Garden Path Recovery in Causal and Masked Language Models

Sanjan Baitalik, Rajashik Datta


Abstract
Garden-path sentences offer a controlled probe of English incremental sentence processing because they require a reader to revise an initially plausible parse when a later region disambiguates the structure. We present an architecture-aware comparison of garden-path recovery in causal and masked language models using 100 English garden-path/control pairs (200 sentences) spanning three constructions: NP/Z, where a noun phrase is initially read as a direct object but must be reanalyzed as the subject of a zero-complement clause; NP/S, where a noun phrase must be reanalyzed as the subject of an embedded sentence; and MV/RR, where an apparent main verb must be reanalyzed as a reduced relative modifier. Causal models are evaluated with left-to-right word surprisal, whereas masked models are evaluated with pseudo-surprisal derived from masked language model scoring. Beyond the disambiguating word, we analyze cumulative excess surprisal, area-under-curve recovery summaries, and layer-wise hidden-state divergence between each garden-path sentence and its minimally different control. Across the audit-valid model set, causal models show larger within-model disambiguation effects than masked models overall, with the clearest family-level difference on NP/Z constructions.

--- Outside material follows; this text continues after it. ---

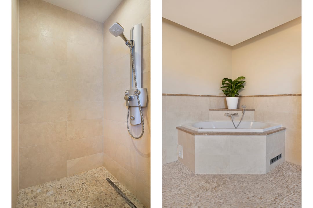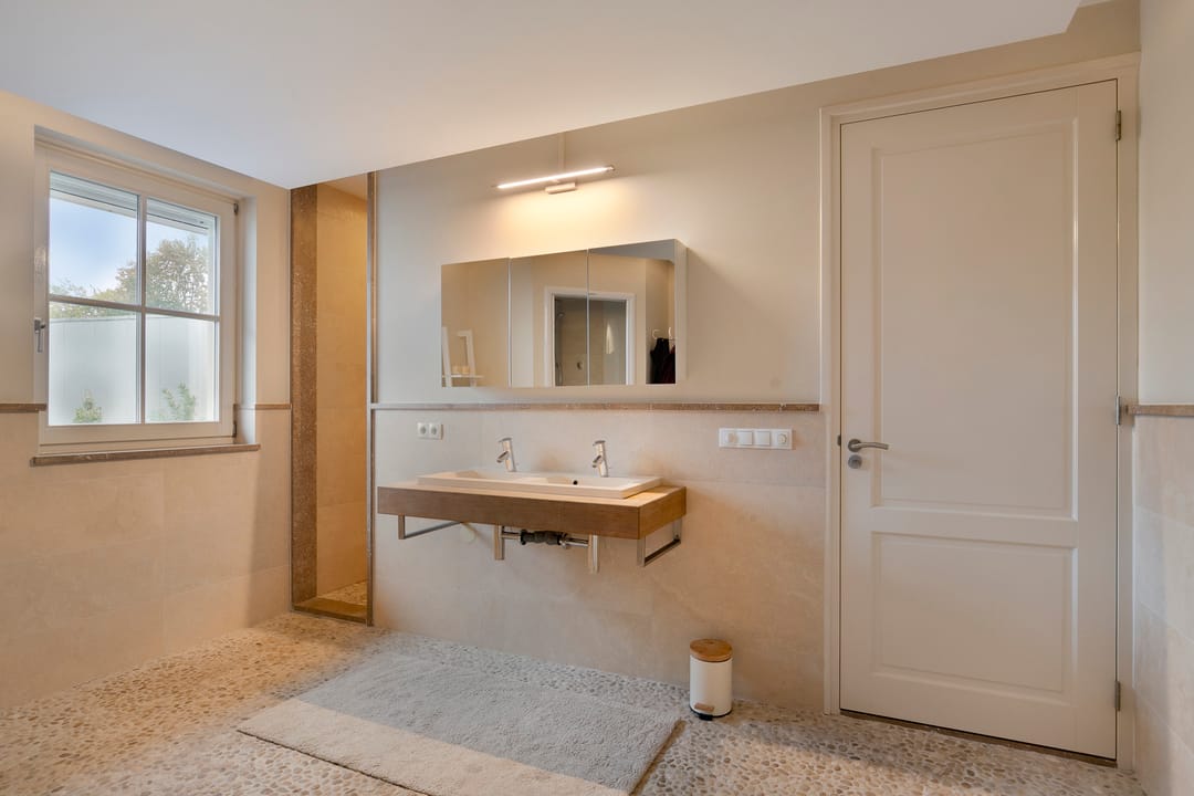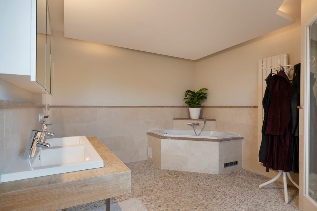 De badkamer is bijzonder stijlvol ingericht, met halfhoge wandbetegeling, een verlaagd plafond met indirecte verlichting, een vloer met kiezelstructuur met vloerverwarming, een ligbad met bubbelfunctie, een inloopdouche, een douchecabine/stoomdouche en een dubbele wastafel in een meubel;

We interpret this difference cautiously because surprisal and pseudo-surprisal are not numerically commensurable across architectures or tokenizers. The results nevertheless show that architecture changes which recovery signals are observable: decoder-only models exhibit sharper online disruption at the point of syntactic revision, while bidirectional encoders appear comparatively buffered at the disambiguator due to right-context access. More broadly, the findings argue that garden-path evaluation should emphasize recovery dynamics, not merely end-state plausibility or task accuracy.
Anthology ID:
2026.acl-srw.32
Volume:
Proceedings of the 64th Annual Meeting of the Association for Computational Linguistics (Volume 4: Student Research Workshop)
Month:
July
Year:
2026
Address:
San Diego, California, United States
Editors:
Santosh T.Y.S.S., Juan Diego Rodriguez, Ona de Gibert
Venue:
ACL
SIG:
Publisher:
Association for Computational Linguistics
Note:
Pages:
383–392
Language:
URL:
https://preview.aclanthology.org/ingestion-form-platform/2026.acl-srw.32/
DOI:
Bibkey:
Cite (ACL):
Sanjan Baitalik and Rajashik Datta. 2026. Garden Path Recovery in Causal and Masked Language Models. In Proceedings of the 64th Annual Meeting of the Association for Computational Linguistics (Volume 4: Student Research Workshop), pages 383–392, San Diego, California, United States. Association for Computational Linguistics.
Cite (Informal):
Garden Path Recovery in Causal and Masked Language Models (Baitalik & Datta, ACL 2026)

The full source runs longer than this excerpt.